Recorded data:
--*--

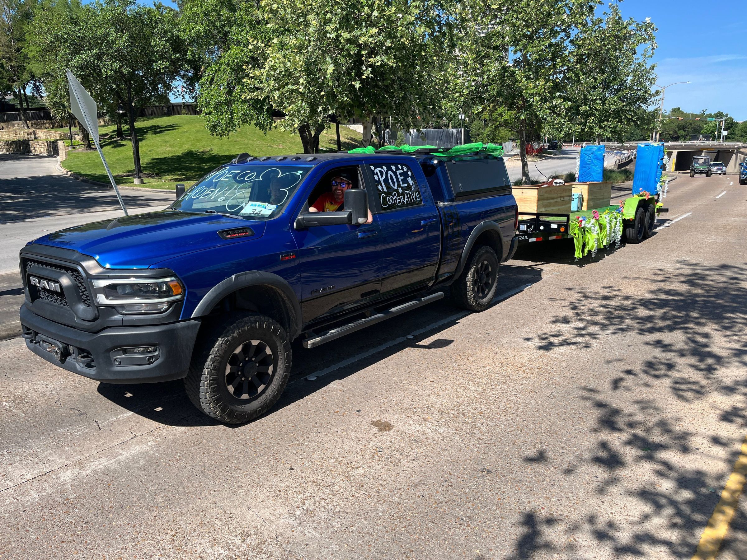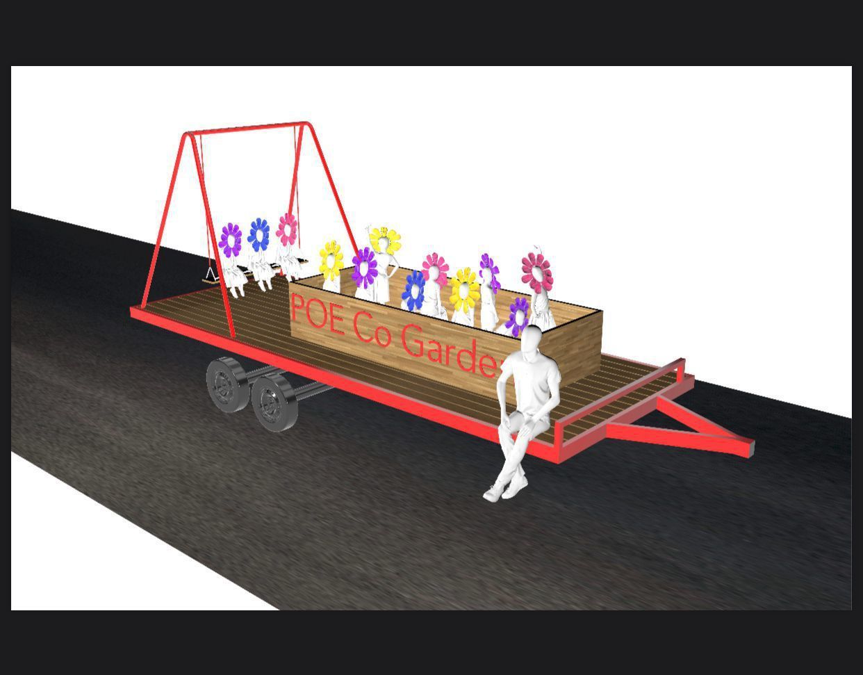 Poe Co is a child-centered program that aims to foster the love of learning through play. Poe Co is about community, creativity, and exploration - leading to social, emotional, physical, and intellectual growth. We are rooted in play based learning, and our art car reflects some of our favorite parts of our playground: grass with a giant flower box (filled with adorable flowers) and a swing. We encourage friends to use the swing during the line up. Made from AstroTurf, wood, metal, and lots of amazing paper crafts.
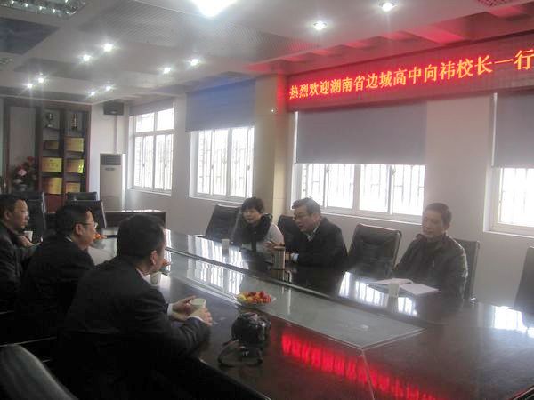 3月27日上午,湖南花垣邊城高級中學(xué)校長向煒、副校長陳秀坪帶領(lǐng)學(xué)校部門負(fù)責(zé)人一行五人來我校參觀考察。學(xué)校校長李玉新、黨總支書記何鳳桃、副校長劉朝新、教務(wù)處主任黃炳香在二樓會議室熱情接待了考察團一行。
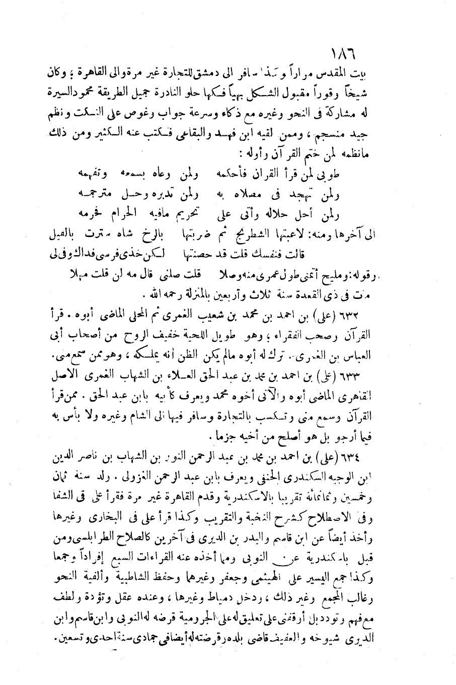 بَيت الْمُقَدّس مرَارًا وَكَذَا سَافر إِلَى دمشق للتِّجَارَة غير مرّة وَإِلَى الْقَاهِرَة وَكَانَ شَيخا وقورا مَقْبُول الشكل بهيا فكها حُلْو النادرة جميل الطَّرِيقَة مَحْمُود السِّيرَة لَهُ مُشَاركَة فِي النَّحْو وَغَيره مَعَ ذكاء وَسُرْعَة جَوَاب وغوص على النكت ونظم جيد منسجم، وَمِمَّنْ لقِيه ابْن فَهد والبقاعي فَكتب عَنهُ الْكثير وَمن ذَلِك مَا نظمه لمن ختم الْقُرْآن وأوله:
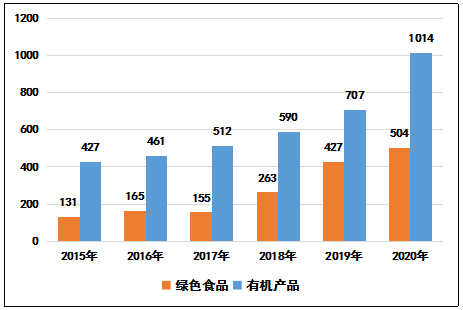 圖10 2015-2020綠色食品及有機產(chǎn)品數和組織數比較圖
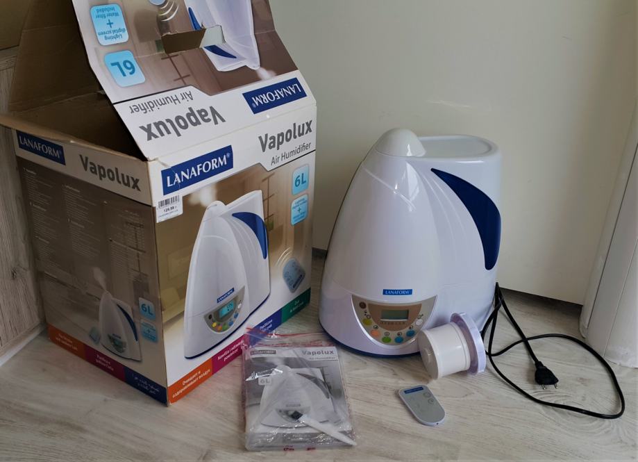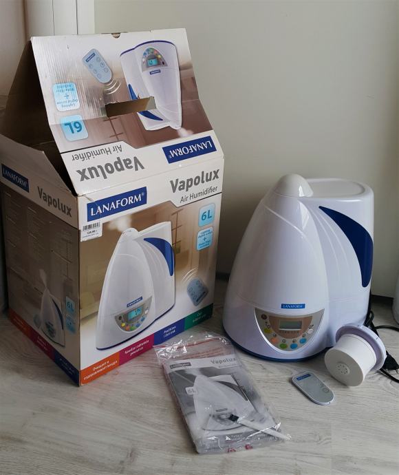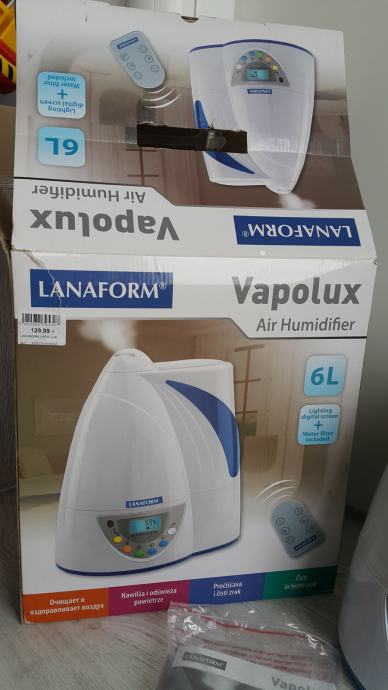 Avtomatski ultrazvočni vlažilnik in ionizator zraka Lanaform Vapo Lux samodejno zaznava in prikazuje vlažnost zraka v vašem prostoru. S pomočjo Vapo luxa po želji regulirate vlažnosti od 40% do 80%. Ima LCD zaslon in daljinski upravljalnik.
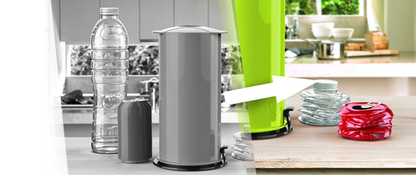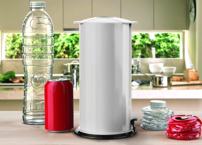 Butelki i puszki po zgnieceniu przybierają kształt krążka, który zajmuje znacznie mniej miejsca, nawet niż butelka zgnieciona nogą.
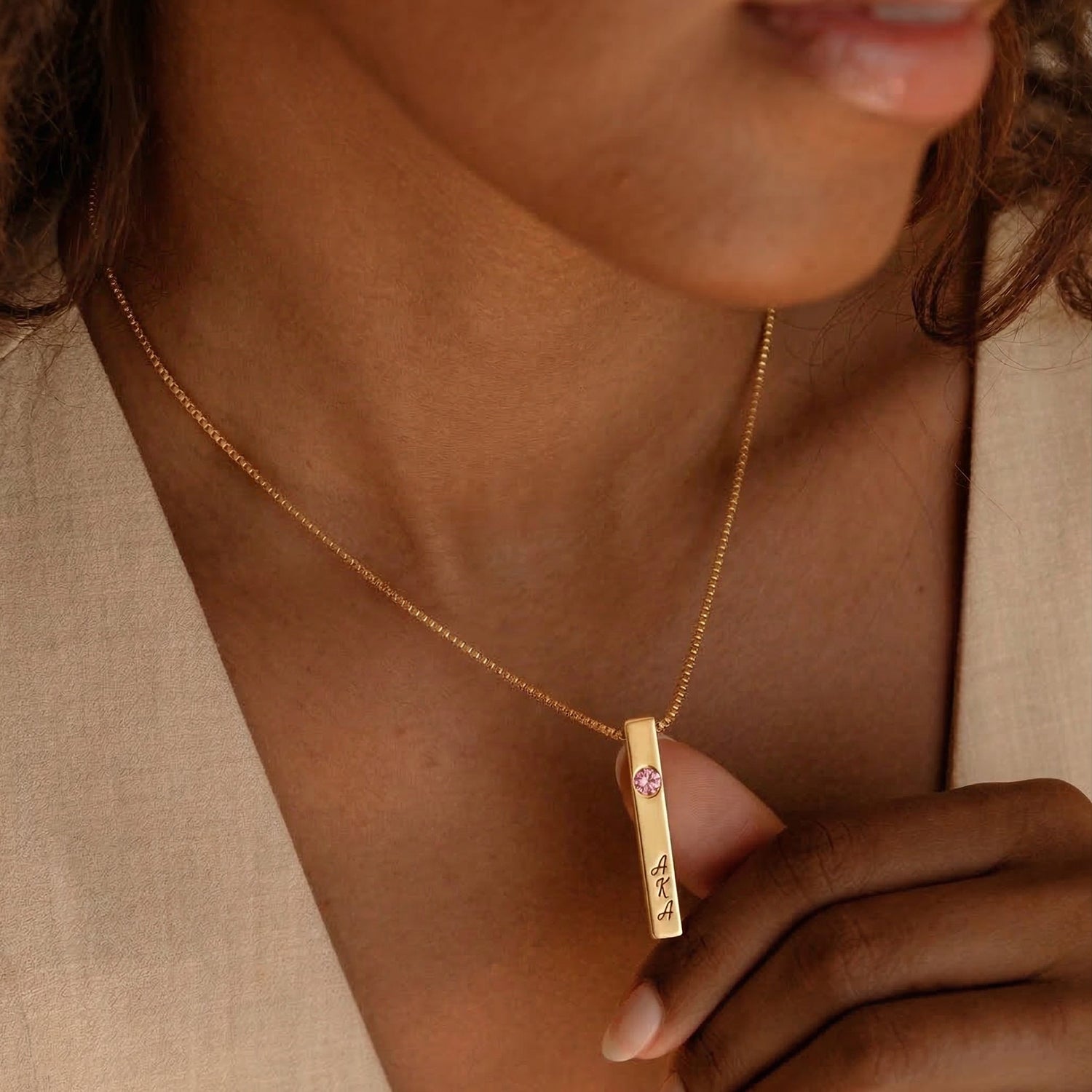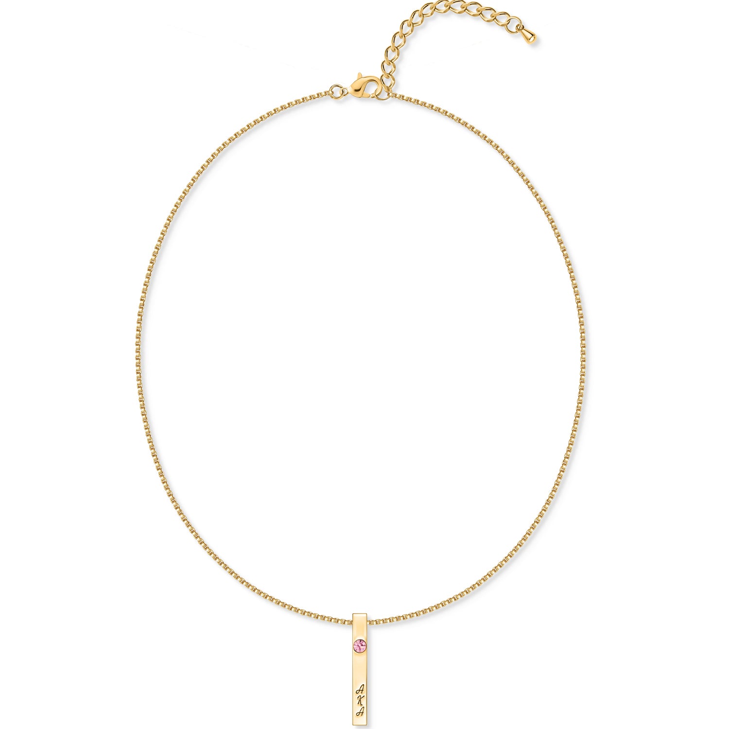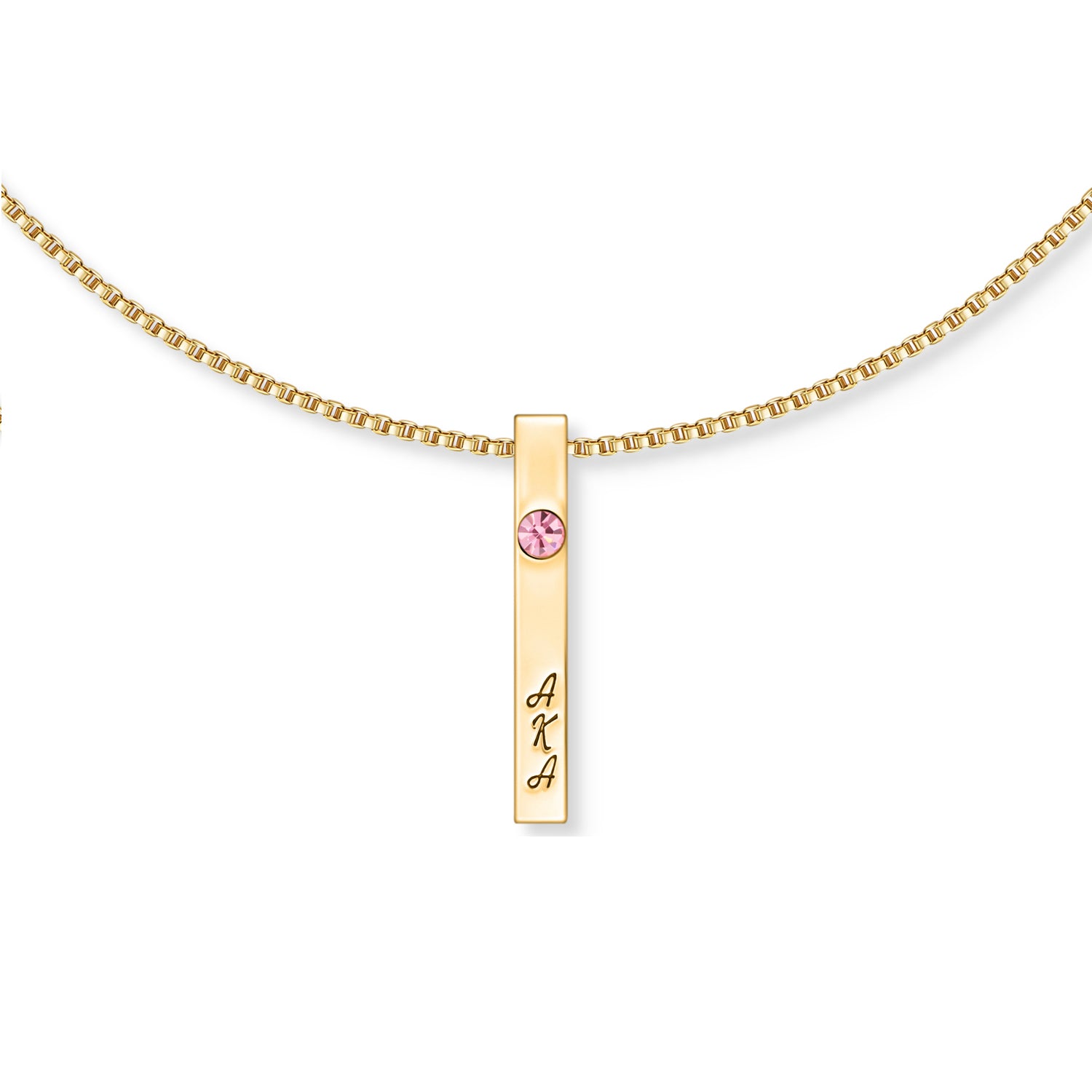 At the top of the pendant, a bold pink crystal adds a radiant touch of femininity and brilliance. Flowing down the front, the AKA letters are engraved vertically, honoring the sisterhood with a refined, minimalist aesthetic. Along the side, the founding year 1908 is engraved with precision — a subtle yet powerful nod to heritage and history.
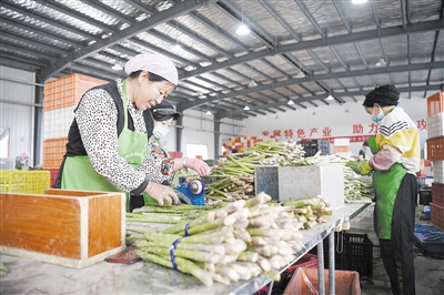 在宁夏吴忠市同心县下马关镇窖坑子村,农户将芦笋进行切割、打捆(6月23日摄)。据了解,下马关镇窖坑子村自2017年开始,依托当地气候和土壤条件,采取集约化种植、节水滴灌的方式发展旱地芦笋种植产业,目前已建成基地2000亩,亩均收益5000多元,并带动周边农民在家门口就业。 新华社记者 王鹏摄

--*--

_Problem requirements_:
Only the line with "圖10 2015-2020綠色食品及有機產(chǎn)品數和組織數比較圖" and those preceding it, back to the first line of the entries, should be repeated exactly, without pictures.

_Response box_:
 Poe Co is a child-centered program that aims to foster the love of learning through play. Poe Co is about community, creativity, and exploration - leading to social, emotional, physical, and intellectual growth. We are rooted in play based learning, and our art car reflects some of our favorite parts of our playground: grass with a giant flower box (filled with adorable flowers) and a swing. We encourage friends to use the swing during the line up. Made from AstroTurf, wood, metal, and lots of amazing paper crafts.
 3月27日上午,湖南花垣邊城高級中學(xué)校長向煒、副校長陳秀坪帶領(lǐng)學(xué)校部門負(fù)責(zé)人一行五人來我校參觀考察。學(xué)校校長李玉新、黨總支書記何鳳桃、副校長劉朝新、教務(wù)處主任黃炳香在二樓會議室熱情接待了考察團一行。
 بَيت الْمُقَدّس مرَارًا وَكَذَا سَافر إِلَى دمشق للتِّجَارَة غير مرّة وَإِلَى الْقَاهِرَة وَكَانَ شَيخا وقورا مَقْبُول الشكل بهيا فكها حُلْو النادرة جميل الطَّرِيقَة مَحْمُود السِّيرَة لَهُ مُشَاركَة فِي النَّحْو وَغَيره مَعَ ذكاء وَسُرْعَة جَوَاب وغوص على النكت ونظم جيد منسجم، وَمِمَّنْ لقِيه ابْن فَهد والبقاعي فَكتب عَنهُ الْكثير وَمن ذَلِك مَا نظمه لمن ختم الْقُرْآن وأوله:
 圖10 2015-2020綠色食品及有機產(chǎn)品數和組織數比較圖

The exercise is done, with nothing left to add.